• _Problem details_: What you give back from the listing below should be an exact copy of the lines from the one with "Спокойные холмы под" down to the one with "3月27年,信息与电气工程学", and it should contain no pictures.

• _Extracted records_:
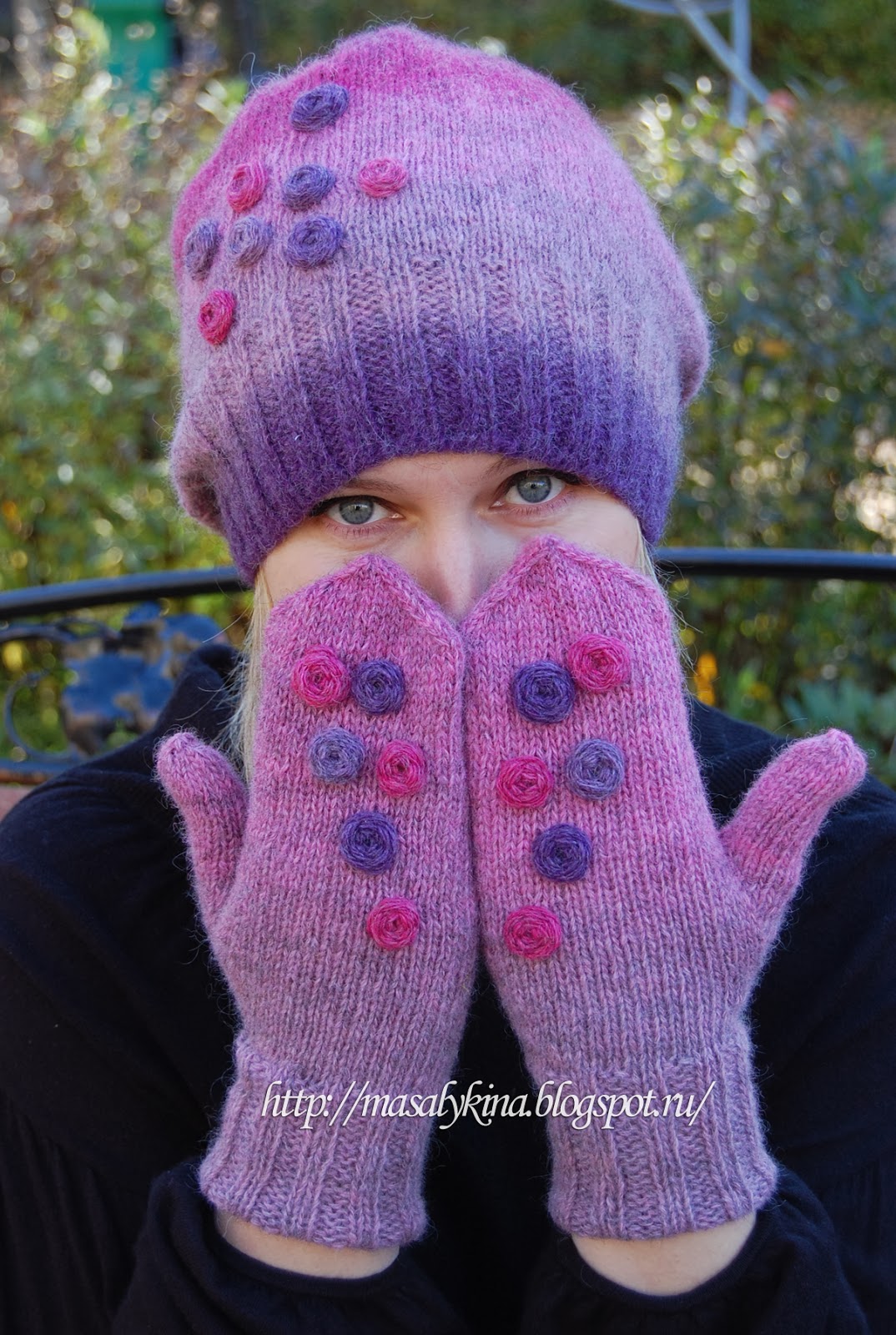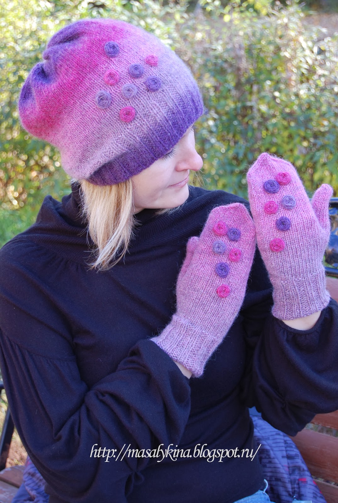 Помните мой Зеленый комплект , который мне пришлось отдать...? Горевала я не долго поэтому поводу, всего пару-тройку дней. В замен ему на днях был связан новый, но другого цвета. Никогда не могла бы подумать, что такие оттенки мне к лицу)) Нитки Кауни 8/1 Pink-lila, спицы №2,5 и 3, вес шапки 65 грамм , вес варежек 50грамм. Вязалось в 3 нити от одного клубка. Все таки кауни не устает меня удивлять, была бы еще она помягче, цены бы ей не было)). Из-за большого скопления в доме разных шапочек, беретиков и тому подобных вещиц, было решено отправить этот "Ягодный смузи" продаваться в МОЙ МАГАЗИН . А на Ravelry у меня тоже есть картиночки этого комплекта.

--

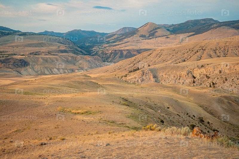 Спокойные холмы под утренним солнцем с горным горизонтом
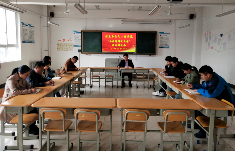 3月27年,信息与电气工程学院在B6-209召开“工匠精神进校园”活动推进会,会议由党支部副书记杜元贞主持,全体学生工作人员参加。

• _Exercise answer_:
 Спокойные холмы под утренним солнцем с горным горизонтом
 3月27年,信息与电气工程学院在B6-209召开“工匠精神进校园”活动推进会,会议由党支部副书记杜元贞主持,全体学生工作人员参加。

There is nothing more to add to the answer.